### Work to complete:
Everything from the line containing "Romaine lettuce, artichoke" through the final line below must be output exactly, both ends included, with nothing else and no pictures.

### The data:
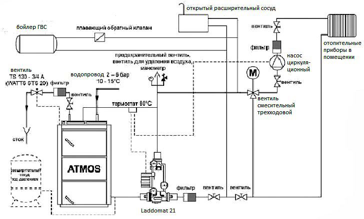 Le schéma classique d'une chaudière pour chauffer une maison privée au bois comprend une chambre de combustion, un collecteur de cendres et une cheminée. Ceux. ce n'est pas différent du four. Il est beaucoup plus pratique d'utiliser des chaudières à vapeur avec du bois à combustion longue.
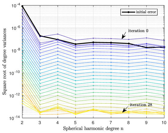 To recover the gravity field, we use four days of simulated data and a local arc length of one day. The perfect initial states for each arc are used. The difference between the estimated gravity field after each iteration with respect to the true field is shown in Figure 3 for 28 iterations. While the lower degrees (2 and 3) improve with the first iteration, the higher degrees are getting a bit worse and start improving after some iterations because there is a big difference between the initial and true gravity field for the lower degrees (2 and 3). After the fifth iteration, all degrees are improving subsequently with further iterations up to a square root of degree variances of about . After this value is reached, further iterations are not improving the result anymore. Because the deviations of the spherical harmonic coefficients () have reached the order of to , which is the border of the double data type precision.
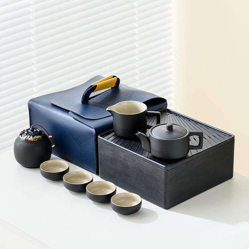 户外黑陶旅行功夫小茶具套装一壶四杯茶盘茶叶罐简约便携式伴手礼
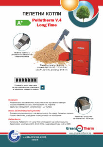 Водогрейните котли Pelletherm V.4 LT са модификация на базовия модел пелетни котли от серията Pelletherm V.4. Подходящи са за отопление на малки битови и фирмени обекти, както и за подгряване на битова гореща вода.  Окомплектовани са с: пелетна горелка с автоматично самопочистване от серията GP sc; горивоподаващ шнек; комплект инструменти за почистване.
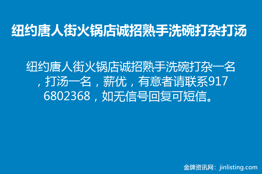 纽约唐人街火锅店诚招熟手洗碗打杂一名,打汤一名,薪优,有意者请联系9176802368,如无信号回复可短信。
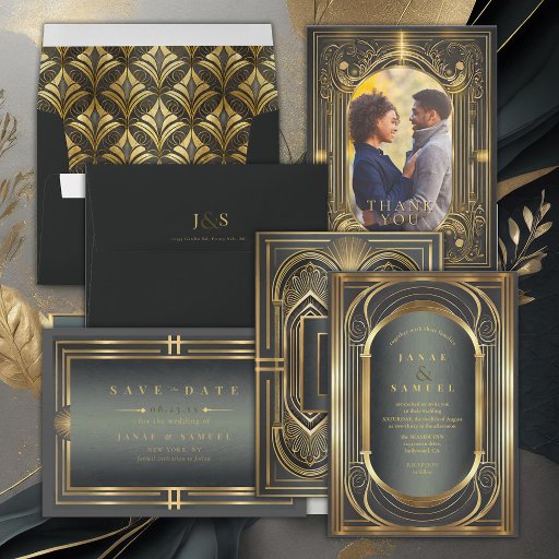 Dieses elegante Kartendeck ist Teil einer hochmodernen Art Deko Hochzeitssuite mit luxuriösen Rahmen und aufwändigen, glänzenden Golddetails. Die klassischen Designs strahlen einen glamourösen Vintagen Charme aus, mit einer schwarzen Farbpalette, leuchtendem Gold und warmen Grautönen. Die verzierten Details verleihen diesem zeitlosen Design eine Touch von Eleganz. Fügen Sie Ihre Initialen und das Hochzeitdatum einfach mit der bereitgestellten Vorlage hinzu. Suchen Sie nach ID1033, um weitere Hochzeitsprodukte im Design-Set zu sehen.
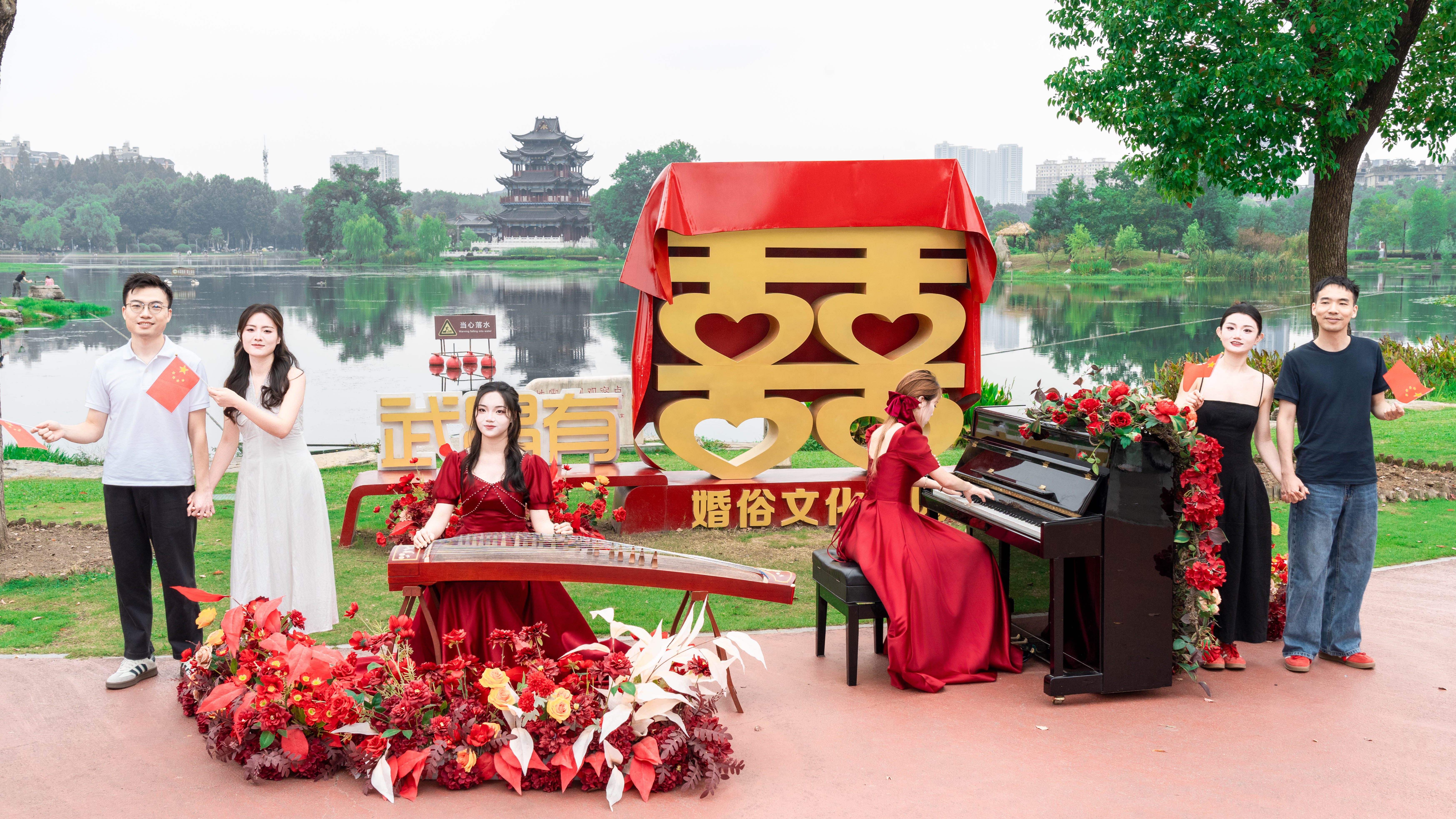 当天上午,在华中师范大学和武汉音乐学院大学生志愿者的伴奏下,现场两对新人共同唱响《如愿》。钢琴与古筝交织出悠扬旋律,琴瑟和鸣,歌声里既有对祖国的深情告白,也有对未来的美好憧憬,更许下了共建和睦小家的坚定承诺。
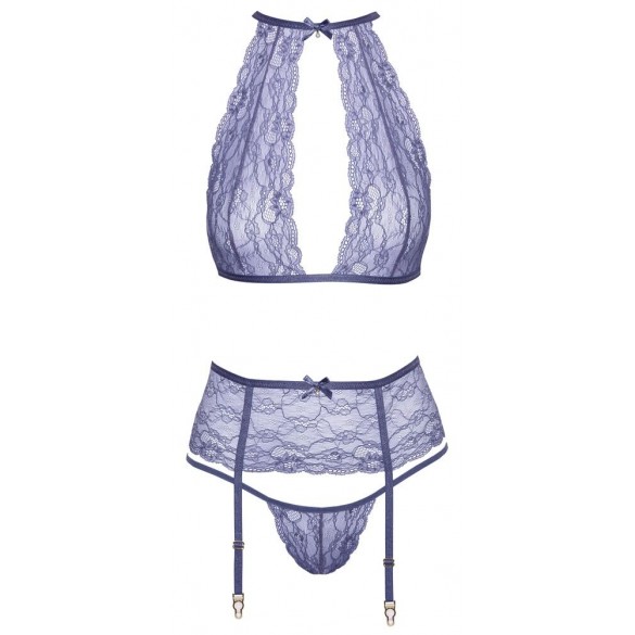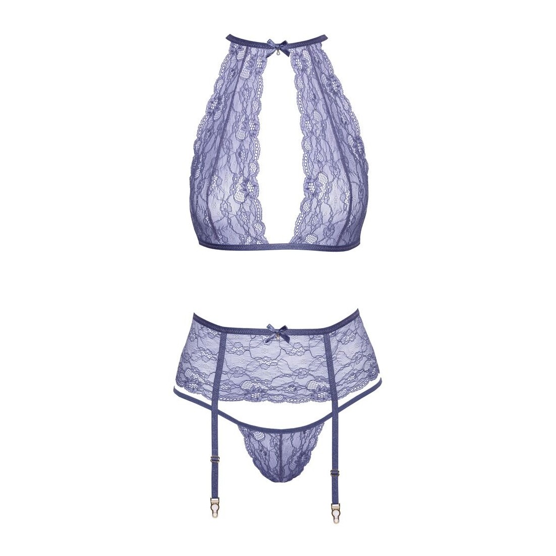 Morbido reggiseno, reggicalze e perizoma in pizzo pregiato da baciare completamente. Morbido ed elastico su tutto il perimetro per il massimo comfort. Reggiseno elegante con chiusura a gancetto sul collo e sulla schiena. Cintura per bretelle con chiusura a gancio sul retro, le bretelle sono regolabili per adattarsi. Il piccolo perizoma seduce con le sue due strette fasce elastiche che si uniscono all'inguine.
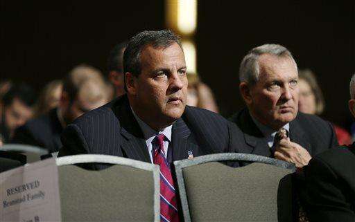 New Jersey Gov. Chris Christie, left, greets U.S. Sen. Joni Ernst, R-Iowa, and U.S. Sen. Charles Grassley, R-Iowa, right, during Iowa Gov. Terry Branstad's inauguration ceremonies, Friday, Jan. 16, 2015, in Des Moines, Iowa. (AP Photo/Charlie Neibergall)
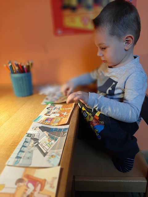 Jaś wie, jaka jest prawidłowa kolejność obrazków
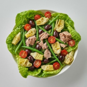 Romaine lettuce, artichoke hearts, water tuna, green beans, cherry tomatoes, olives and Italian dressing.
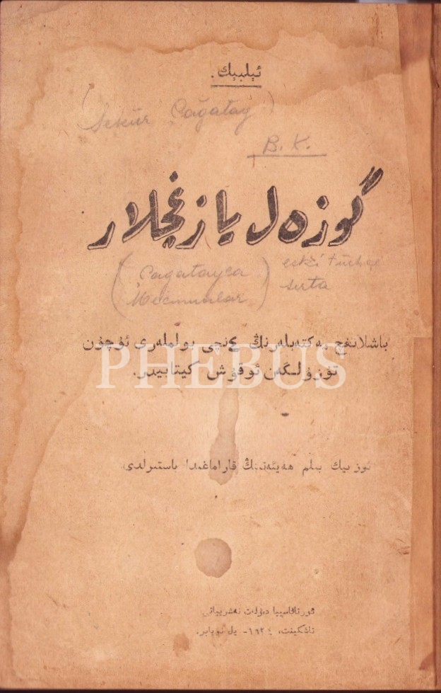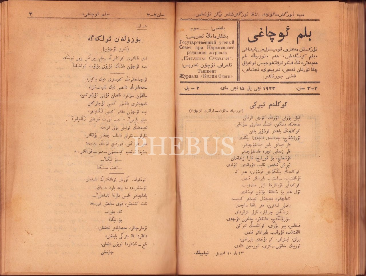 Çağatayca Güzel Yazgıçlar ve Bilim Ocağı dergisi 1-3. sayı, Türkistan Devlet Neşriyatı, Taşkent 1922-1924, 84+112+188 s., 16x25 cm, yorgun ve su almış haliyle

### Result:
 Romaine lettuce, artichoke hearts, water tuna, green beans, cherry tomatoes, olives and Italian dressing.
 Çağatayca Güzel Yazgıçlar ve Bilim Ocağı dergisi 1-3. sayı, Türkistan Devlet Neşriyatı, Taşkent 1922-1924, 84+112+188 s., 16x25 cm, yorgun ve su almış haliyle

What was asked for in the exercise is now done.